Care Capital Properties Inc. did not engage with any other potential suitors after Sabra Health Care REIT Inc. broached the possibility of a combination of the two healthcare real estate investment trusts in July 2016.

According to an account of the companies' negotiations included in a registration statement describing the all-stock deal that the REITs eventually reached, the REITs negotiated throughout the third quarter. Discussions were put on hold between September 2016 and January 2017, after Care Capital's board directed management to suspend talks and focus on operational issues arising from the company's 2015 spinoff from Ventas Inc. They began again when Sabra Chairman, President and CEO Rick Matros renewed contact with Care Capital executives days into the new year.

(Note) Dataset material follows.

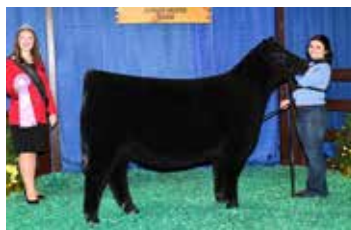
Full / maternal sib to embryos selling, Campbellco Queen 2503N 2025 NAILE Reserve Senior Calf Champion

At an April 17 meeting with advisers from Bank of America Merrill Lynch and the law firm Sidley Austin LLP, Care Capital executives discussed other potential transactions, including one involving an unnamed industry participant. Still, the participants concluded that "it was unlikely that other potential companies in the industry (including such other industry participant) would be interested in acquiring CCP at this time, and that it was unlikely private equity firms would be interested in acquiring CCP at this time," the filing says, referring to Care Capital by its ticker symbol.

Regarding the other industry participant in particular, one Care Capital board member "reported on a conversation he had several months ago with a director of such company, during which such director indicated to such member that if CCP was ever interested in a potential transaction, CCP should contact that industry participant."

The assembled executives and advisers decided not to do so, reasoning that the other party was more focused on operations than acquisitions.

The advisers returned to the topic of other possible strategic options at an April 23 meeting, but discussion of the topic ended after the Care Capital board raised "certain business considerations that could result in CCP stockholders viewing such a potential combination as less attractive than a combination with Sabra."

Around the same time, Sabra and Care Capital wrangled over whether the deal represented a merger of equals or an acquisition by Sabra. The 6.5% premium that Sabra was offering for Care Capital's shares as of mid-April "may be generally appropriate for a merger of equals transaction," but an acquisition by Sabra — with less Care Capital representation on the combined board — would require a richer premium, Care Capital argued.

According to the companies' narrative in the filing, Care Capital persuaded Sabra to drop a so-called "force the vote" clause, which would have required a vote on the combination by shareholders of both companies, regardless of whether a higher offer for Care Capital emerged.

In the end, the companies agreed on an exchange ratio of 1.123 shares of Sabra common stock for every share of Care Capital common stock, representing a 15% premium to Care Capital's stock price based on the two companies' valuations at the close April 21.

The premium shrank in the weeks after the deal was announced as both companies' share prices dropped — Sabra's more steeply. Based on the companies' share prices at the close of trading June 12, Sabra was planning to exchange roughly $26.11 per share for Care Capital shares that traded at $25.80 on the public market. The figure represented a roughly 1.2% premium to Care Capital's market price.

Care Capital executives declined to comment on the deal.